── RECORDS SUPPLIED ──

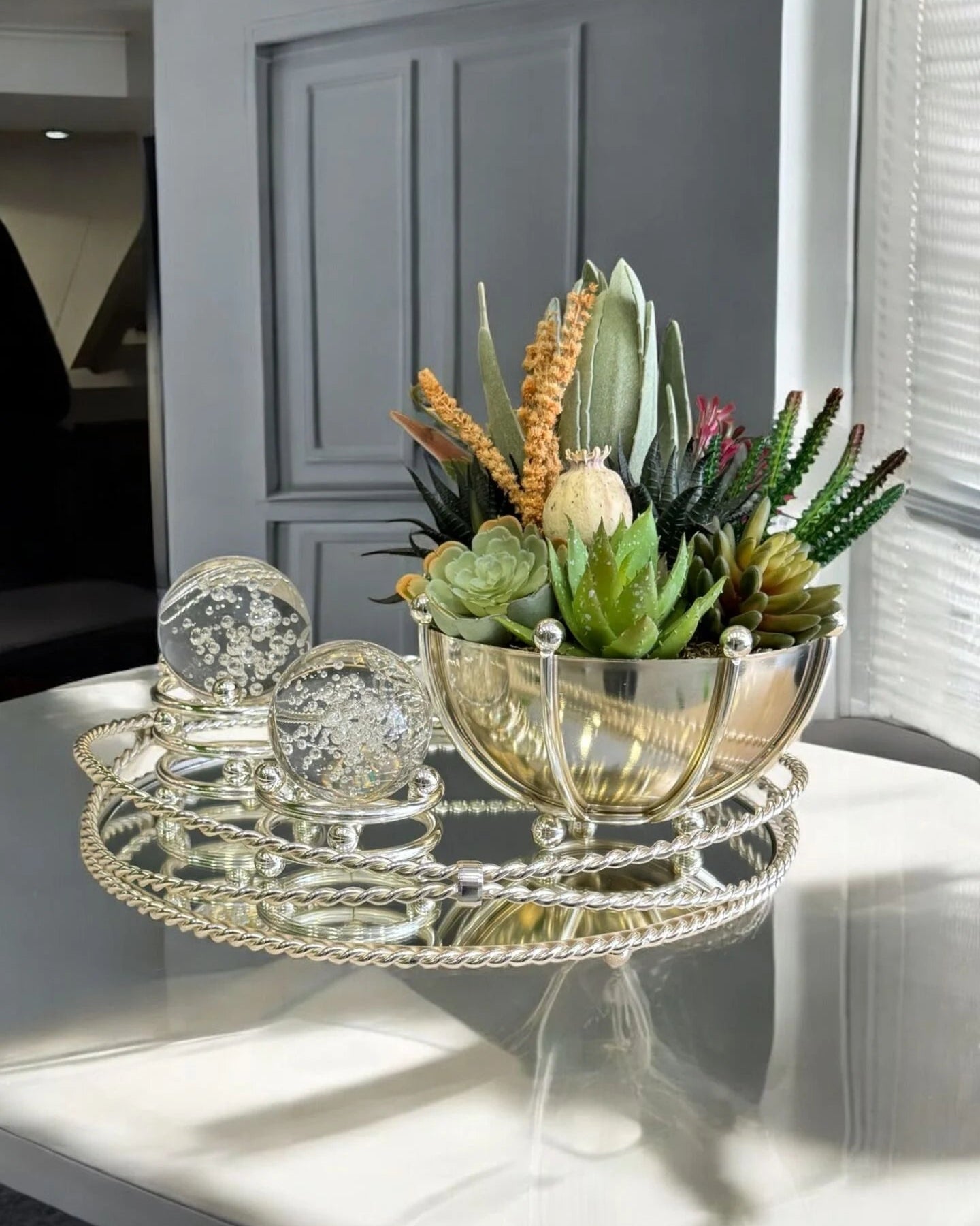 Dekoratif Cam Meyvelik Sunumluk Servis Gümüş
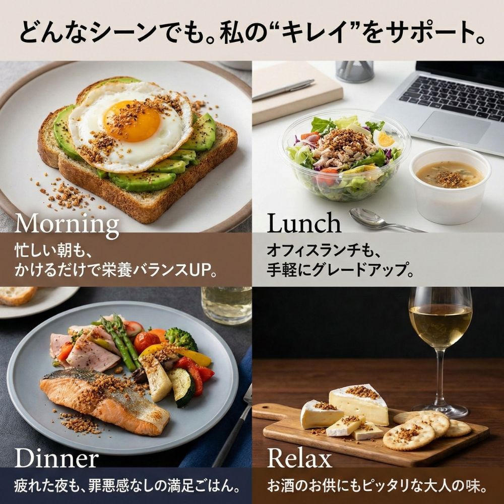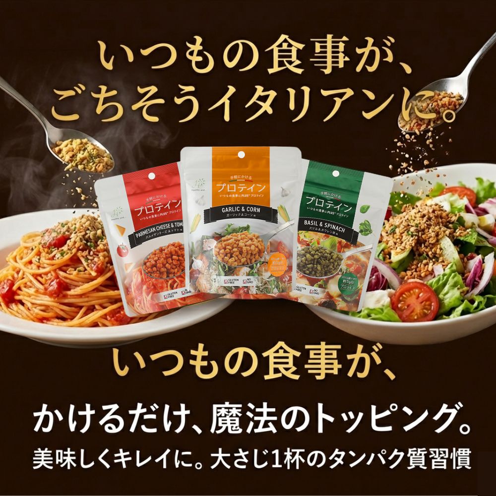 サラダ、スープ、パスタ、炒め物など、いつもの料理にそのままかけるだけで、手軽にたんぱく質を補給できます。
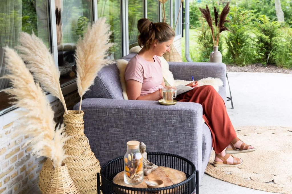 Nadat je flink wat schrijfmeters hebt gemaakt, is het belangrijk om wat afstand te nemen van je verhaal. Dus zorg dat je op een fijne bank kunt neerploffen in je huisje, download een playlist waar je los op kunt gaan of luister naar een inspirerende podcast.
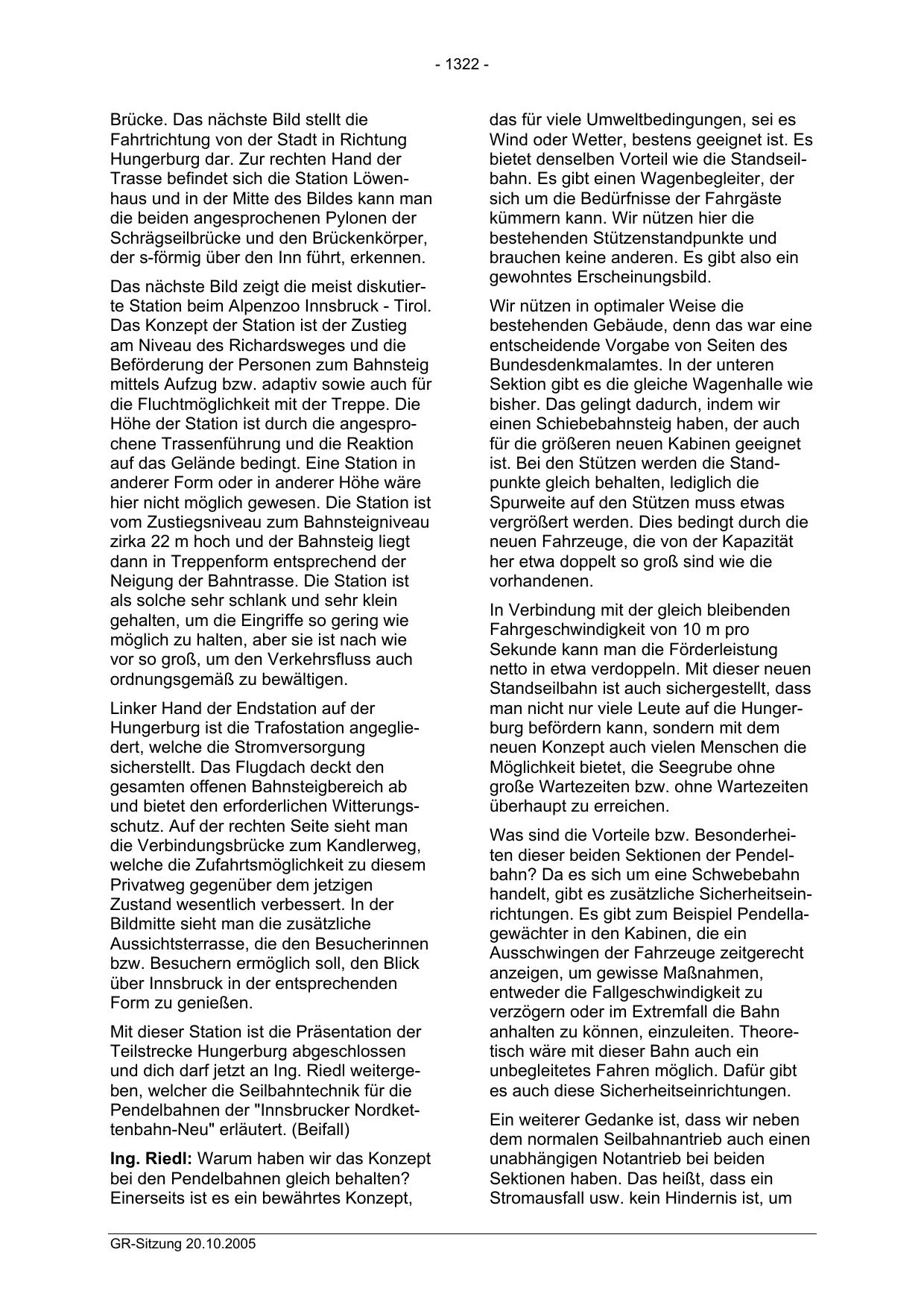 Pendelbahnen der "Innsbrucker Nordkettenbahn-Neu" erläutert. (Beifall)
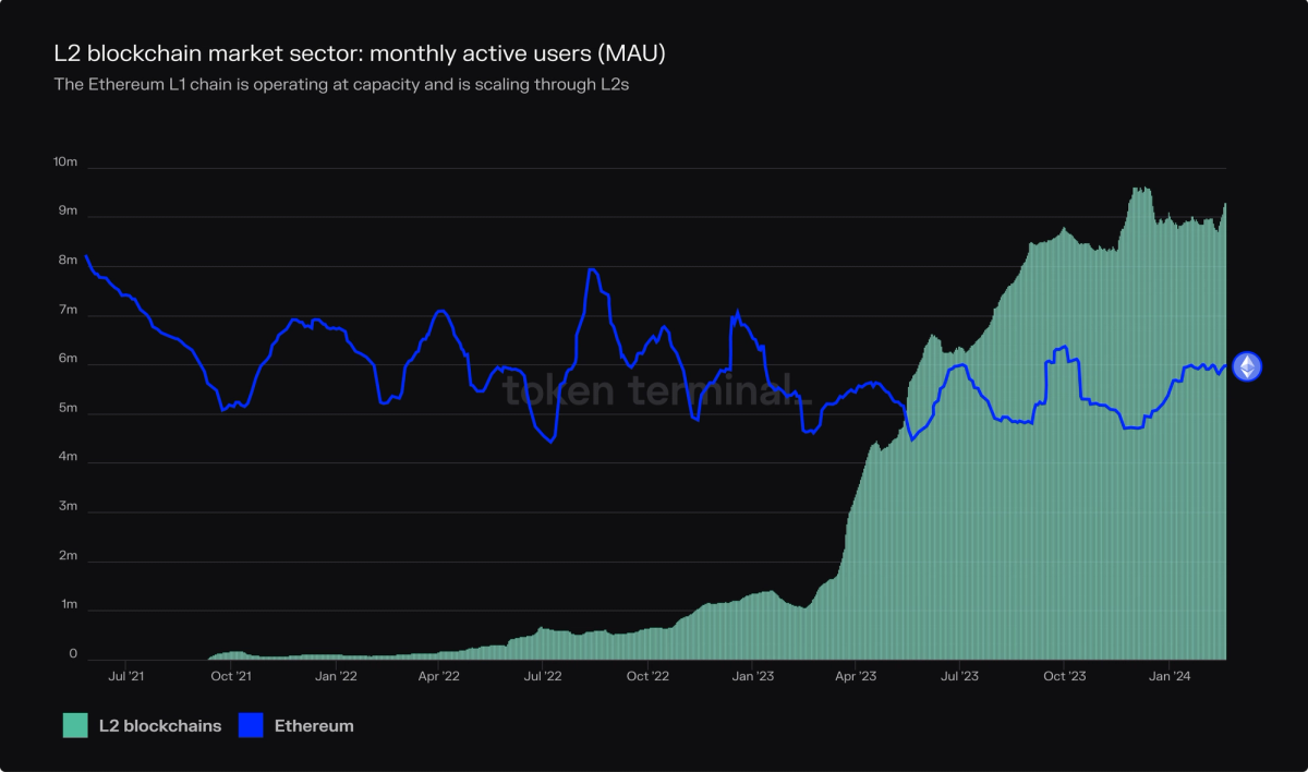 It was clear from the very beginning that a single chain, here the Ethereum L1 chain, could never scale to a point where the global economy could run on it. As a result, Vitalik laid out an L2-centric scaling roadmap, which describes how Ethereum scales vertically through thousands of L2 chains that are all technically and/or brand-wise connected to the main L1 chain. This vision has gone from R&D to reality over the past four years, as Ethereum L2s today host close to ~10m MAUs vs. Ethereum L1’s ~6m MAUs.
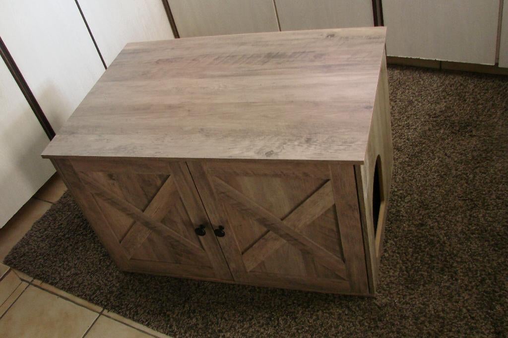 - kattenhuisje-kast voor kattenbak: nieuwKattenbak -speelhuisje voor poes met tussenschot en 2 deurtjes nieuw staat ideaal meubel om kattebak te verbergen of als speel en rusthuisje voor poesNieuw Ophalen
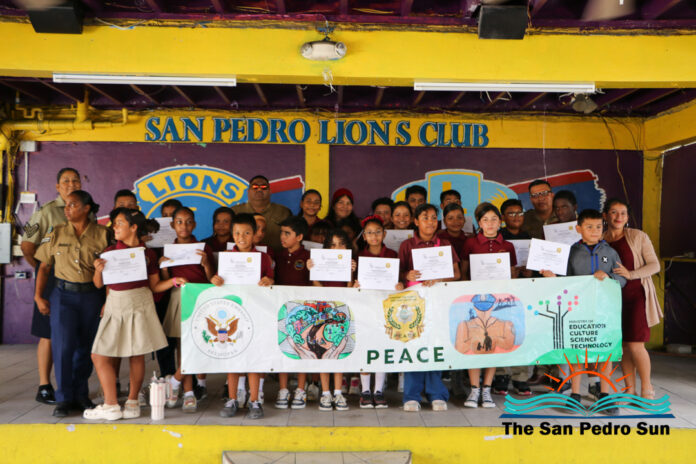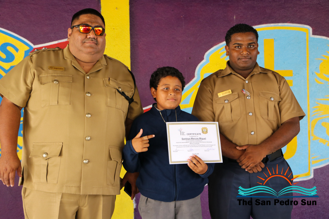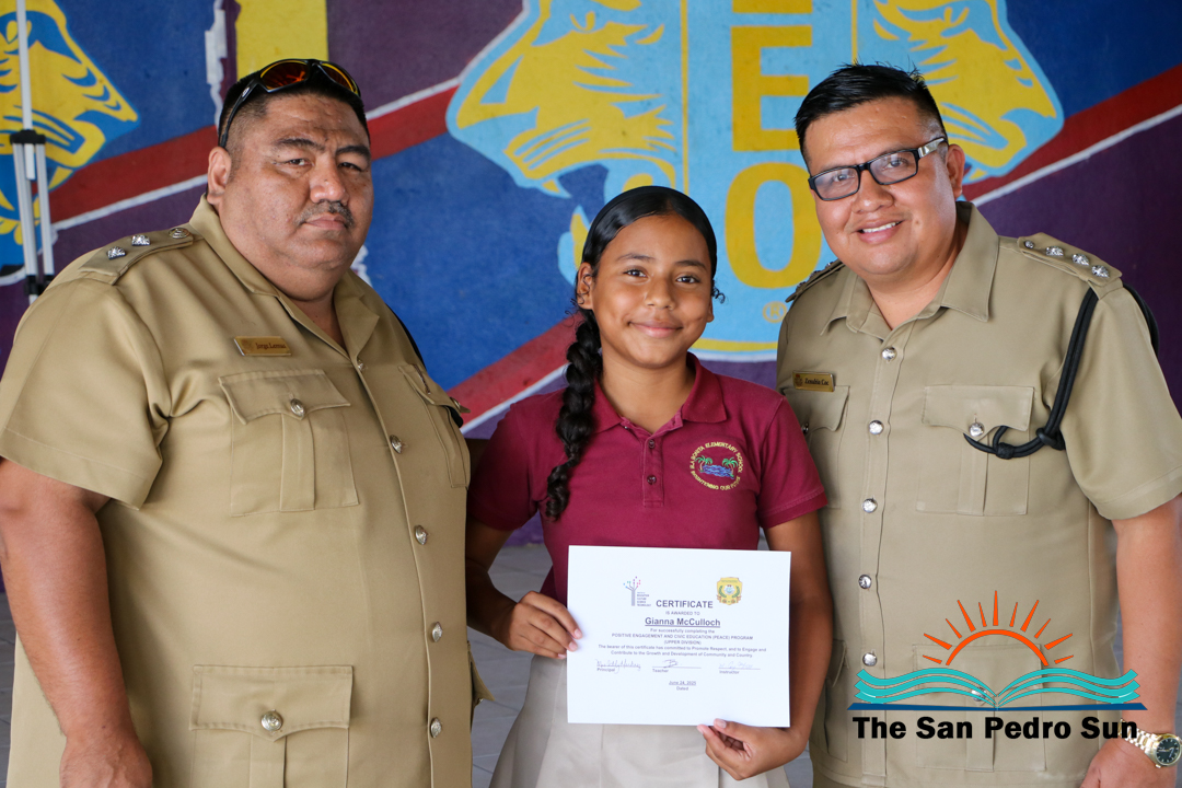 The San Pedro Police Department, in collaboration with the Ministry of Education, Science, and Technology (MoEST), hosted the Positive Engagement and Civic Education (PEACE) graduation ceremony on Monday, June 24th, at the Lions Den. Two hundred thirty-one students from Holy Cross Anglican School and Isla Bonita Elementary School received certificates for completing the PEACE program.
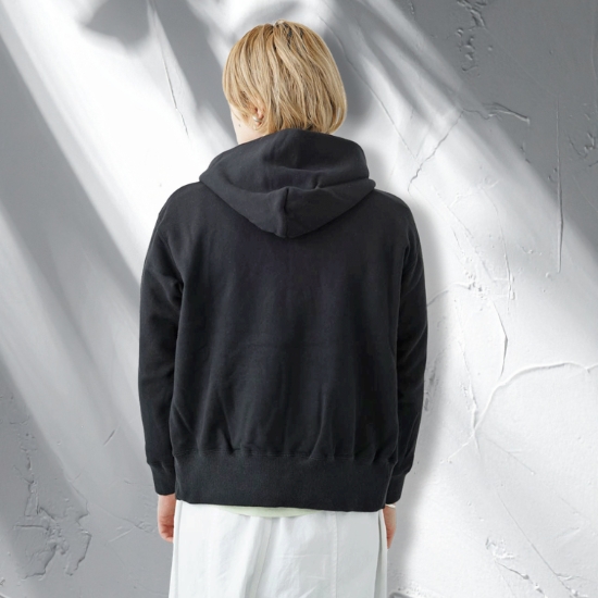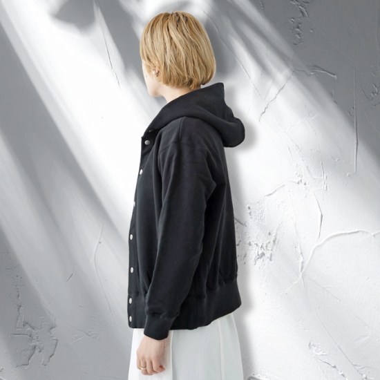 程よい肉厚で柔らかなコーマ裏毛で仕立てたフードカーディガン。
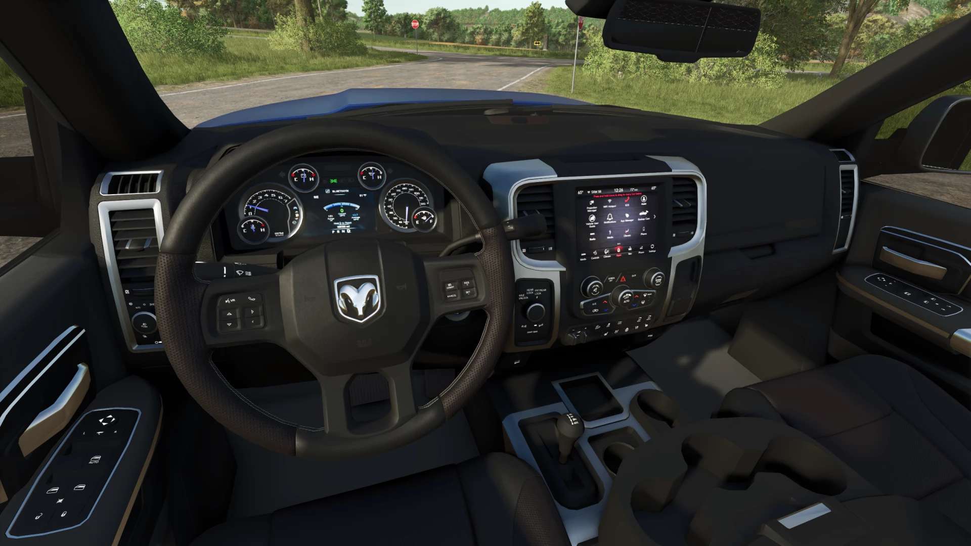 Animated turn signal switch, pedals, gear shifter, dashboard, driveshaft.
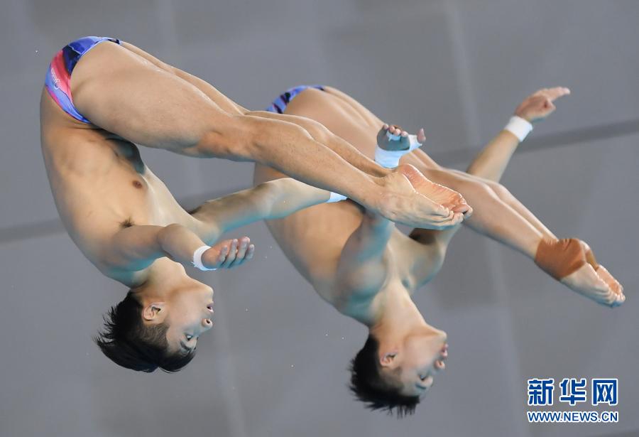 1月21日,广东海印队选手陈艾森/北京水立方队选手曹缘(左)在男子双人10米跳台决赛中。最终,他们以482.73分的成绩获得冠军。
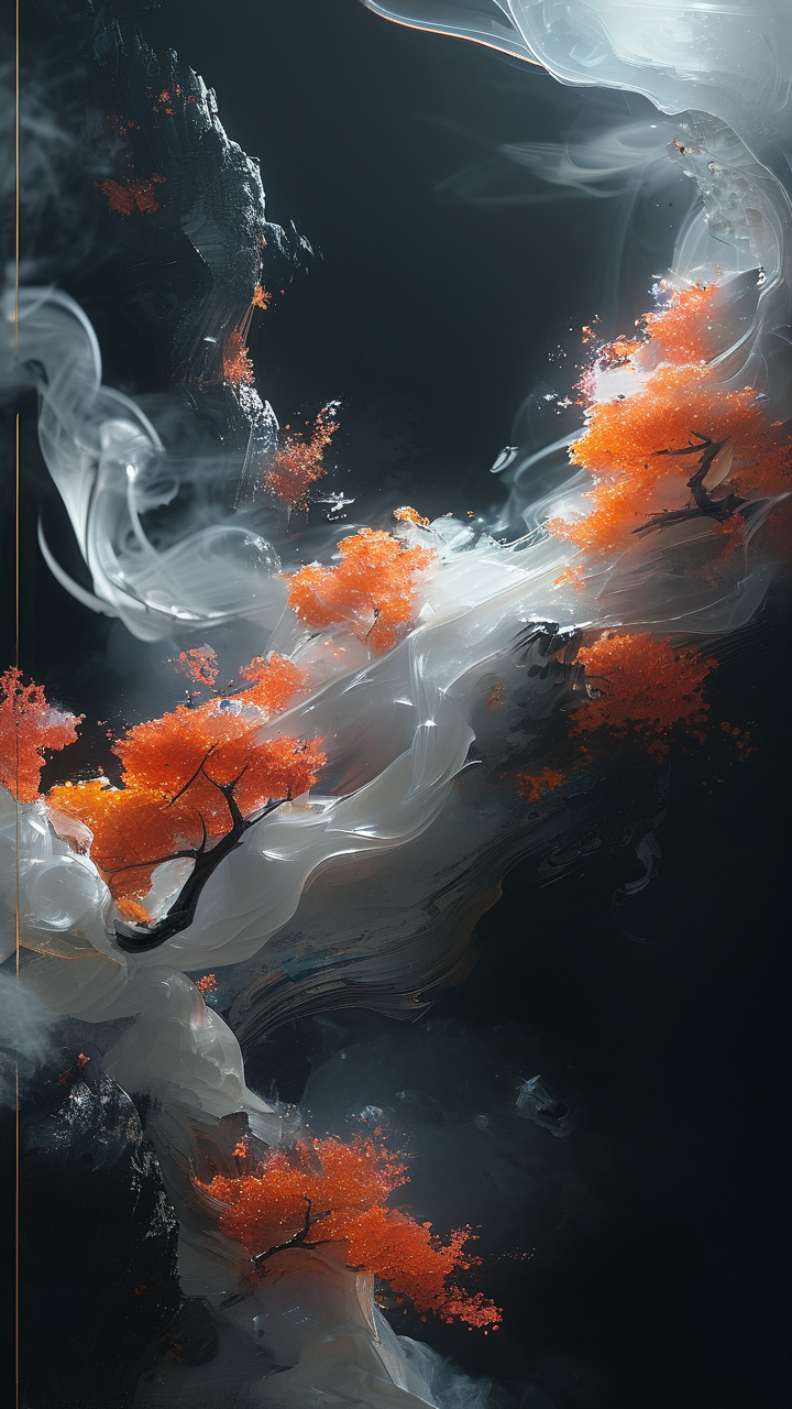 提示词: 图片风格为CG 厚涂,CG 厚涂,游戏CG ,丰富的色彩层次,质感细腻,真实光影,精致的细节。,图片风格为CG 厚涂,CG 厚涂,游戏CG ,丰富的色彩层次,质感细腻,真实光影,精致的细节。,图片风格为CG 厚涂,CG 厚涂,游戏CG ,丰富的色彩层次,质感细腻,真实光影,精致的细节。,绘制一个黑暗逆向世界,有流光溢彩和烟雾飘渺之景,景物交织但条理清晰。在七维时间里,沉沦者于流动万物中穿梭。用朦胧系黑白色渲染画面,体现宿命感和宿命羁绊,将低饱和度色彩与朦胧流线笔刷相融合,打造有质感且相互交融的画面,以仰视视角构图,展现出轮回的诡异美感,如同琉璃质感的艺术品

───

▶ **EXERCISE DIRECTIONS**
Would you print the listing above in full, exactly, but with no pictures?

▶ **THE COMPLETED TASK**
 Dekoratif Cam Meyvelik Sunumluk Servis Gümüş
 サラダ、スープ、パスタ、炒め物など、いつもの料理にそのままかけるだけで、手軽にたんぱく質を補給できます。
 Nadat je flink wat schrijfmeters hebt gemaakt, is het belangrijk om wat afstand te nemen van je verhaal. Dus zorg dat je op een fijne bank kunt neerploffen in je huisje, download een playlist waar je los op kunt gaan of luister naar een inspirerende podcast.
 Pendelbahnen der "Innsbrucker Nordkettenbahn-Neu" erläutert. (Beifall)
 It was clear from the very beginning that a single chain, here the Ethereum L1 chain, could never scale to a point where the global economy could run on it. As a result, Vitalik laid out an L2-centric scaling roadmap, which describes how Ethereum scales vertically through thousands of L2 chains that are all technically and/or brand-wise connected to the main L1 chain. This vision has gone from R&D to reality over the past four years, as Ethereum L2s today host close to ~10m MAUs vs. Ethereum L1’s ~6m MAUs.
 - kattenhuisje-kast voor kattenbak: nieuwKattenbak -speelhuisje voor poes met tussenschot en 2 deurtjes nieuw staat ideaal meubel om kattebak te verbergen of als speel en rusthuisje voor poesNieuw Ophalen
 The San Pedro Police Department, in collaboration with the Ministry of Education, Science, and Technology (MoEST), hosted the Positive Engagement and Civic Education (PEACE) graduation ceremony on Monday, June 24th, at the Lions Den. Two hundred thirty-one students from Holy Cross Anglican School and Isla Bonita Elementary School received certificates for completing the PEACE program.
 程よい肉厚で柔らかなコーマ裏毛で仕立てたフードカーディガン。
 Animated turn signal switch, pedals, gear shifter, dashboard, driveshaft.
 1月21日,广东海印队选手陈艾森/北京水立方队选手曹缘(左)在男子双人10米跳台决赛中。最终,他们以482.73分的成绩获得冠军。
 提示词: 图片风格为CG 厚涂,CG 厚涂,游戏CG ,丰富的色彩层次,质感细腻,真实光影,精致的细节。,图片风格为CG 厚涂,CG 厚涂,游戏CG ,丰富的色彩层次,质感细腻,真实光影,精致的细节。,图片风格为CG 厚涂,CG 厚涂,游戏CG ,丰富的色彩层次,质感细腻,真实光影,精致的细节。,绘制一个黑暗逆向世界,有流光溢彩和烟雾飘渺之景,景物交织但条理清晰。在七维时间里,沉沦者于流动万物中穿梭。用朦胧系黑白色渲染画面,体现宿命感和宿命羁绊,将低饱和度色彩与朦胧流线笔刷相融合,打造有质感且相互交融的画面,以仰视视角构图,展现出轮回的诡异美感,如同琉璃质感的艺术品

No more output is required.